ASSIGNMENT ::
Your output should be the records below, word for word and picture-free.

○ ○ ○ ○

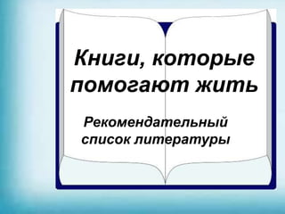 Документ представляет собой рекомендательный список книг, которые помогают развивать волю и характер, а также способствуют личностному росту и счастью. В нём описываются произведения различных авторов, затрагивающие жизненные трудности, дружбу, любовь и преодоление препятствий. Рекомендуются как классические, так и современные книги, которые могут стать источником вдохновения и мудрости для читателей.
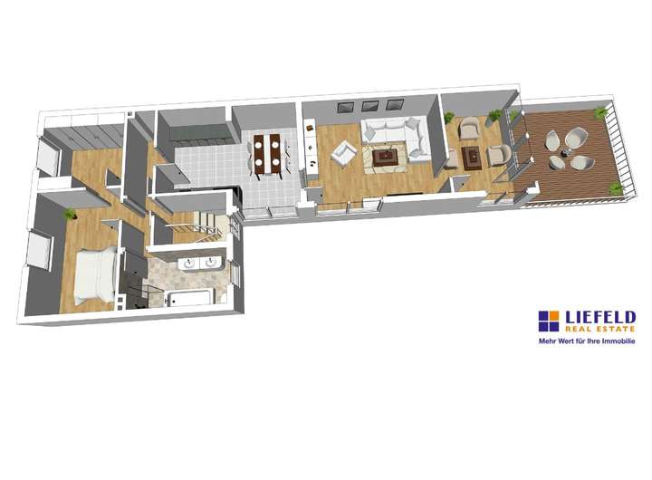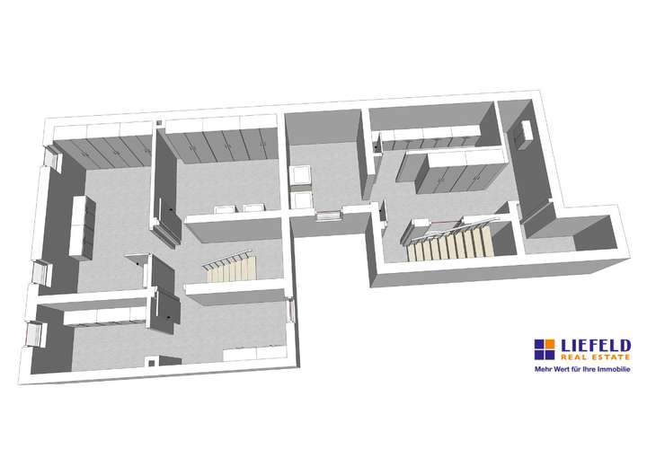 Die Aufteilung entnehmen Sie bitte den beigefügten Grundrissen. Hinweis: Die dargestellte Möblierung, außer den vorhandenen Einbauküchen, gehört nicht zum Verkaufsgegenstand.
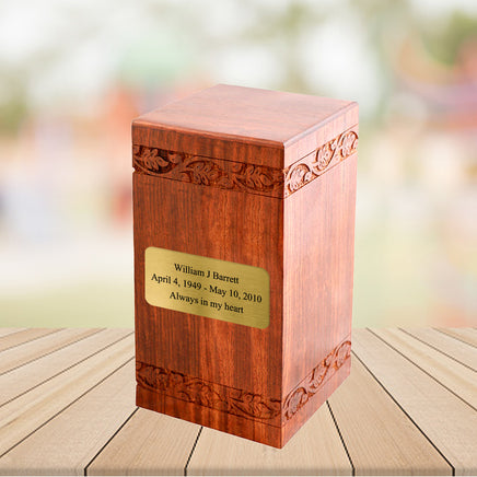 This Beautiful Rosewood Urn is carefully hand-carved to provide an elegant look and to conserve your precious memories.
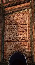 Terracotta art work and decorations are observed in the temple. The terracotta plaque on the center of the facade is engraved with a scenario of Ratha Yatra (chariot procession). In front of the chariot, there is a crowd procession of dancing men and women in a row, and a figure of kneeling priest is carved on the chariot. The chariot procession shows Krishna and Balarama leaving for Mathura while the gopinis crying and lying down in front of the chariot to persuading Krishna to not leave for Mathura. The upper terracotta plaque contains figures of Rama and Sita, flanked by Lakshmana holding an umbrella and Bharata with chamar in hand, and Hanuman and Jambuban standing with joined hands. The scenario of battle between Rama and Ravana is engraved on the left side terracotta plaque.[1] Right side terracotta plaque has Vastraharan scenario on the top, Gostholila on the middle, and figures of bird and flower are bottom. The Vastraharan scenario shows that Krishna is teaching to give up shame from the 8th side of the creature.[1][2]
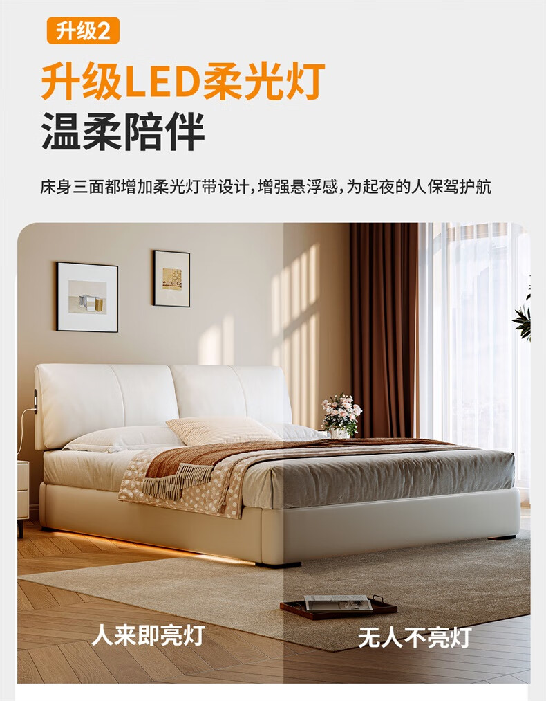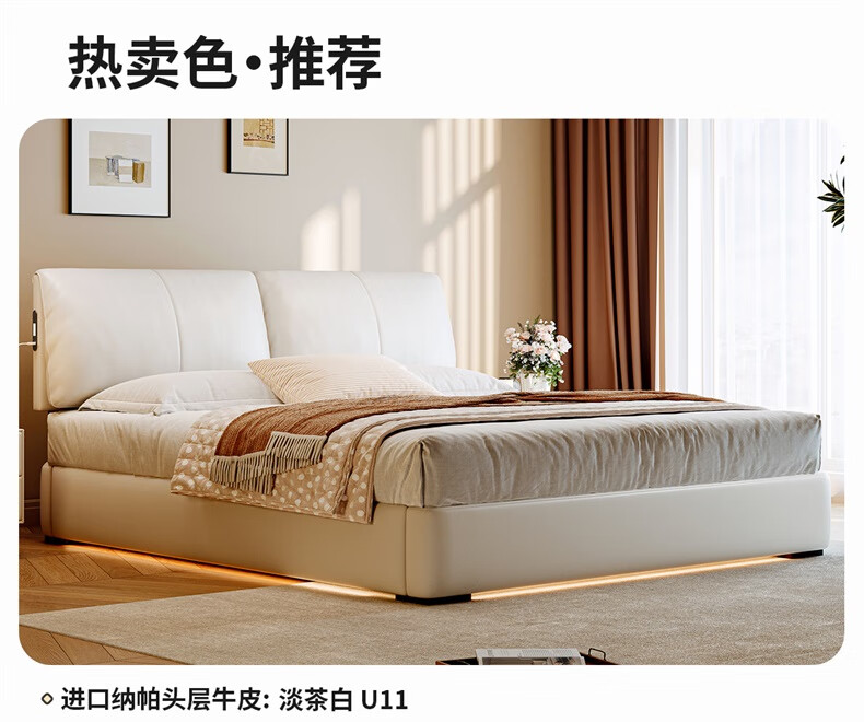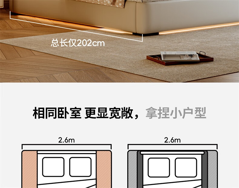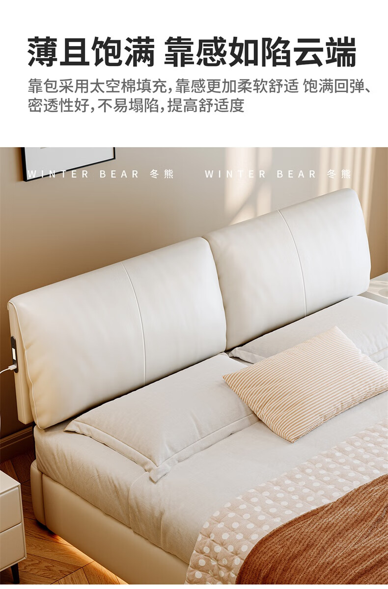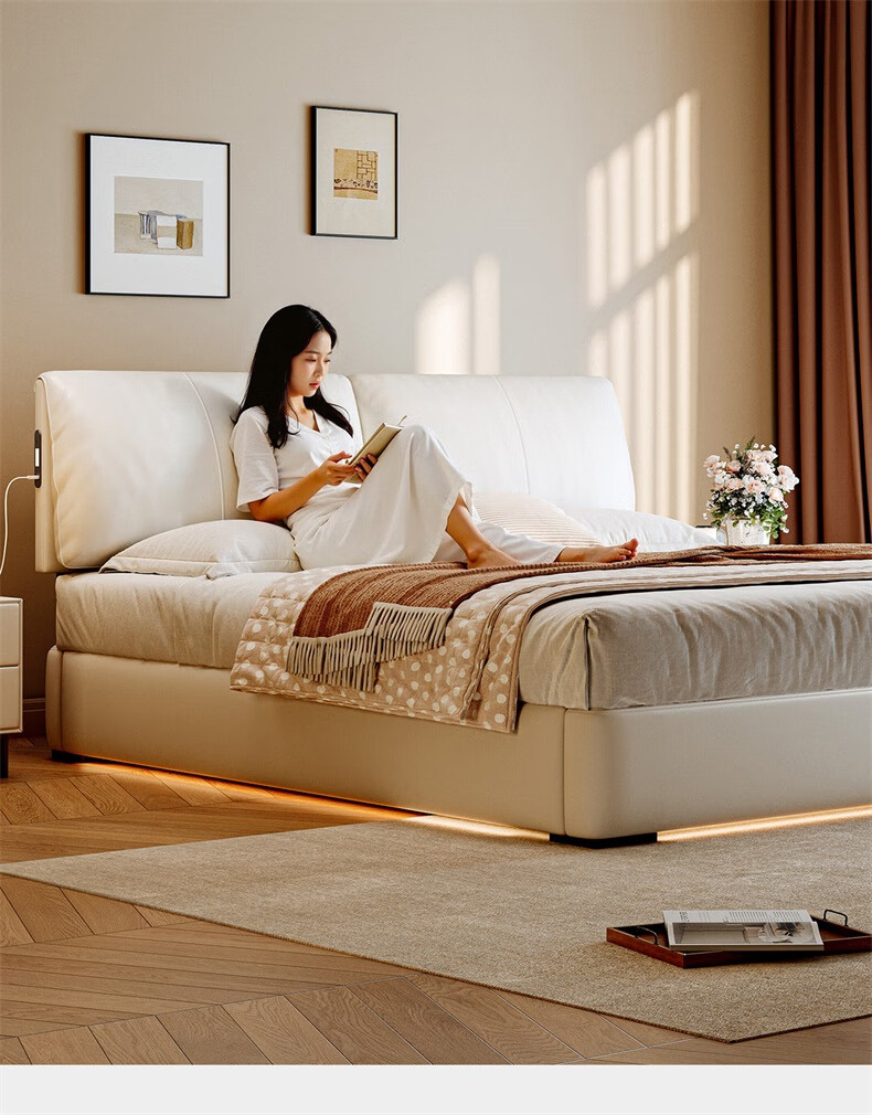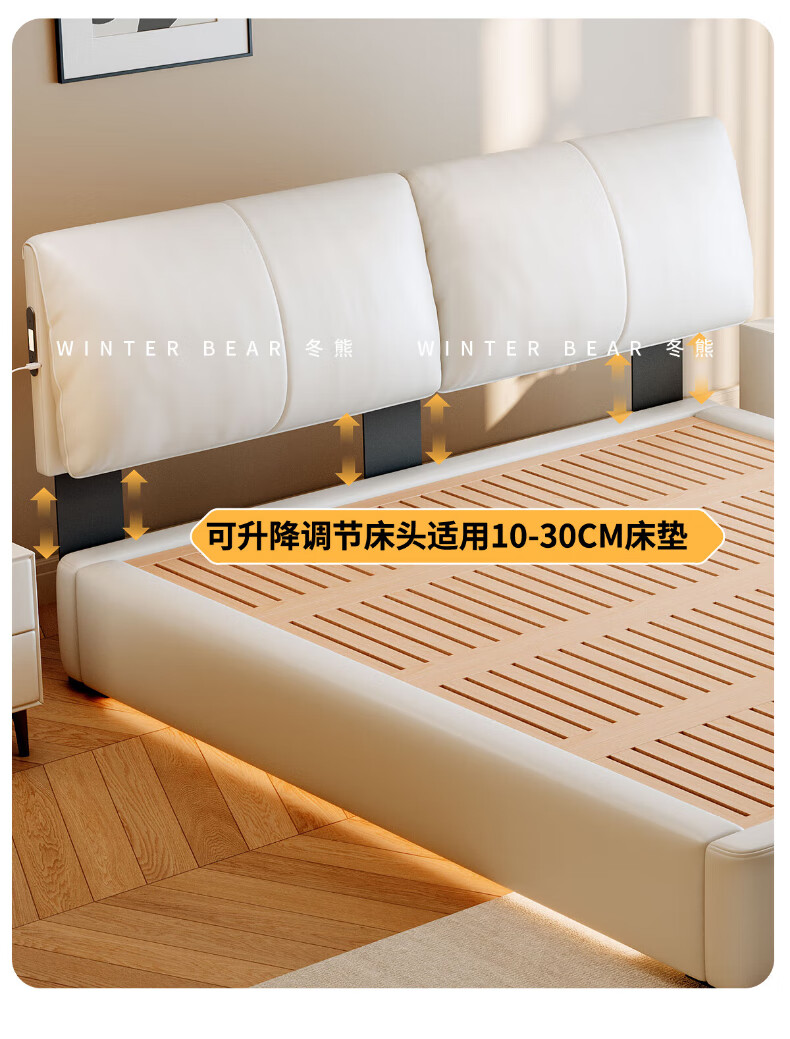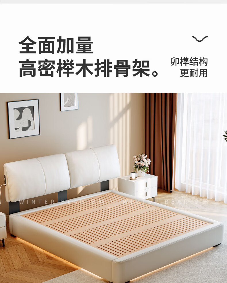 Dongxiong ultra-thin bedside side-opening storage three-drawer bed small apartment space-saving box with flush elephant ear leather bed first layer cowhide bed/full solid wood beech wood rib frame 1500mm*2000mm box side-opening three drawers

○ ○ ○ ○

WRITTEN RESPONSE ::
 Документ представляет собой рекомендательный список книг, которые помогают развивать волю и характер, а также способствуют личностному росту и счастью. В нём описываются произведения различных авторов, затрагивающие жизненные трудности, дружбу, любовь и преодоление препятствий. Рекомендуются как классические, так и современные книги, которые могут стать источником вдохновения и мудрости для читателей.
 Die Aufteilung entnehmen Sie bitte den beigefügten Grundrissen. Hinweis: Die dargestellte Möblierung, außer den vorhandenen Einbauküchen, gehört nicht zum Verkaufsgegenstand.
 This Beautiful Rosewood Urn is carefully hand-carved to provide an elegant look and to conserve your precious memories.
 Terracotta art work and decorations are observed in the temple. The terracotta plaque on the center of the facade is engraved with a scenario of Ratha Yatra (chariot procession). In front of the chariot, there is a crowd procession of dancing men and women in a row, and a figure of kneeling priest is carved on the chariot. The chariot procession shows Krishna and Balarama leaving for Mathura while the gopinis crying and lying down in front of the chariot to persuading Krishna to not leave for Mathura. The upper terracotta plaque contains figures of Rama and Sita, flanked by Lakshmana holding an umbrella and Bharata with chamar in hand, and Hanuman and Jambuban standing with joined hands. The scenario of battle between Rama and Ravana is engraved on the left side terracotta plaque.[1] Right side terracotta plaque has Vastraharan scenario on the top, Gostholila on the middle, and figures of bird and flower are bottom. The Vastraharan scenario shows that Krishna is teaching to give up shame from the 8th side of the creature.[1][2]
 Dongxiong ultra-thin bedside side-opening storage three-drawer bed small apartment space-saving box with flush elephant ear leather bed first layer cowhide bed/full solid wood beech wood rib frame 1500mm*2000mm box side-opening three drawers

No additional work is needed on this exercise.